The time has come for students to do a self-evaluation of their academic labor.
Believe it or not, students have been in class for about six weeks. If you are on a semester schedule, this means that a third of the semester is already in the books! By this time, each student is on a path toward either academic success or academic failure. But do they know which path they are traveling?
You can help students determine which path they are traveling based on the types of academic labor they are currently doing. No need to wait until midterms to kick things into gear; you can help students course correct now!

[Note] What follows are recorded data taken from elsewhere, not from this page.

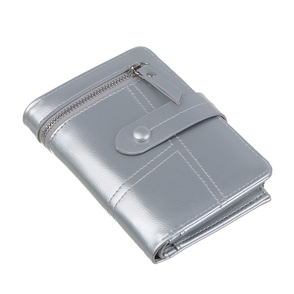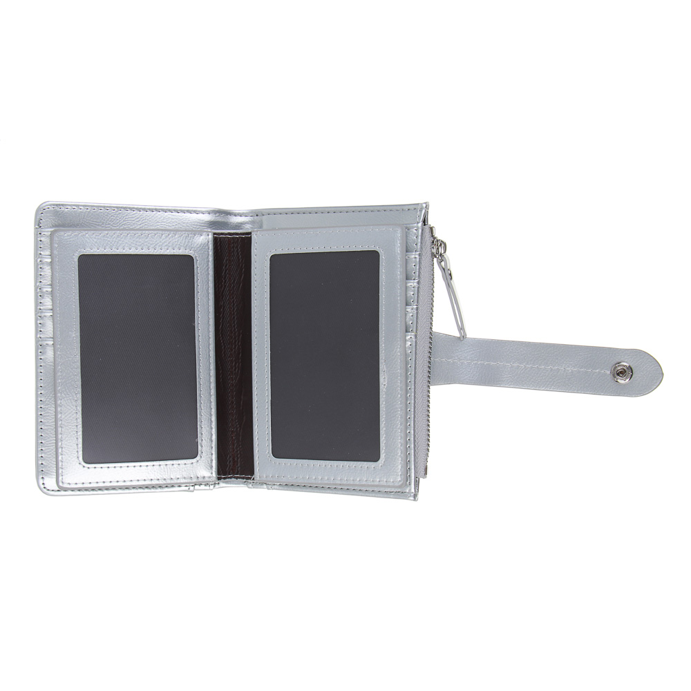 Женский кошелек ЮL Анзелия – безупречная организация и современный дизайн. Больше не нужно рыться в сумке в поисках нужной карты! Функциональный кошелек размером 14x10x3 см сочетает в себе внешнюю красоту и продуманную организацию: отделение для купюр, слоты для карт, кармашки для проездных билетов или удостоверений, а также вместительное отделение для мелочи на молнии. Изготовлен из высококачественного полиуретана с глянцевой отделкой. Надежная застежка на кнопке обеспечит безопасность ваших ценностей. Поставляется в стильной коробке – идеальный вариант для подарка.
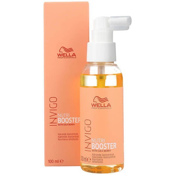 Odżywczy wzmacniacz Wella Invigo Nutri Booster uzupełnia kompleksową pielęgnację włosów suchych. Skoncentrowana formuła boostera potęguje działanie odżywki lub maski, aby jeszcze skuteczniej zregenerować i odżywić pasma, a przede wszystkim - dogłębnie je nawodnić, eliminując suchość, łamliwość i chropowatość. Po zastosowaniu tego kosmetyku pasma stają się pełne blasku, mocne, zabezpieczone przed czynnikami zewnętrznymi oraz uszkodzeniami mechanicznymi. Obecny w składzie ekstrakt z jagód goji chroni kosmyki przed przedwczesnym starzeniem, uelastycznia je i wygładza. Odżywczy wzmacniacz Wella Invigo Nutri Booster jest dla Ciebie, jeśli:
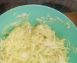 Se curata dovleacul, se taie in doua, apoi cu o lingura se indeparteaza semintele. Restul se da pe razatoarea mare, se presara cu sare, se da si ceapa pe razatoarea mare si se lasa sa stea jumatate de ora.

Micro versus Macro Academic Labor
In my forthcoming book, tentatively titled Avoiding Transition Traps: How to Successfully Transition Students into College, I share examples of students entering college with an incomplete set of academic work skills. These promising students are adept at microlaboring, which is a type of mental labor that prioritizes content accumulation at the expense of conceptual understanding. These students often miss the big-picture elements of their course, regardless of how much they study. Examples of microlabor include:
- Attending class
- Taking notes
- Reviewing notes
- Highlighting notes
- Reading material
- Reviewing study guides
These are also the types of activities that in-class educators and learning assistance professionals encourage, and the types of features that show up on most of our data reports. It’s tempting to conclude that weaker students aren’t doing enough microlabor tasks. Successful students, however, unknowingly tap a higher set of labor skills: they macrolabor.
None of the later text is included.